Postscript: Jeroen Frijters used the packaging I proposed, and discovered using ndepend that there were dependencies between the various assemblies that I had not predicted. Looking back on the work, I discovered that the first stylesheet, to reduce method->method dependencies to class->class dependencies, was losing some dependencies (because of my inadequate understanding of the format of the output from the dependency analyzer). Correcting this reveals an unfortunate dependency from the parse assembly into the xpath assembly.

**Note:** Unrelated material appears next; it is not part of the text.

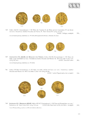 786* Solidus 662/667, Konstantinopel, 9. Off. Büste des Constans II. mit Helm und des Constantinus IV. mit Krone

The dependency parse->xpath emanates from package com.sun.org.apache.xml.internal.dtm.ref, specifically from the fact that class com.sun.org.apache.xml.internal.dtm.ref.DTMNodeProxy has a reference to class com.sun.org.apache.xpath.internal.NodeSet. Looking at the code, this is an example of inappropriate re-use; it's using this NodeSet class as a convenient implementation of the DOM NodeList interface, but one that has far more functionality than is needed to deliver the interface, and that therefore creates further dependencies into the XPath package. It would be trivial to replace it with a simple inline implementation of NodeList, but of course we want to avoid source change if possible; apart from anything else, it's always conceivable that there's a client that relies on the returned NodeList being an instance of com.sun.org.apache.xpath.internal.NodeSet.

Without source change, I don't think we can remove this dependency. However, I think it's probably still worth keeping Parse and XPath separate, because at worst in only affects people using DOM parsing (as distinct from SAX or StAX parsing). I don't think it's possible to separate the functionality needed for DOM out of the Parse module.

Meanwhile, as far as Saxon is concerned, this strengthens the case for shipping with an IKVMC'd version of Apache Xerces, in place of the XML.Parse assembly derived from OpenJDK.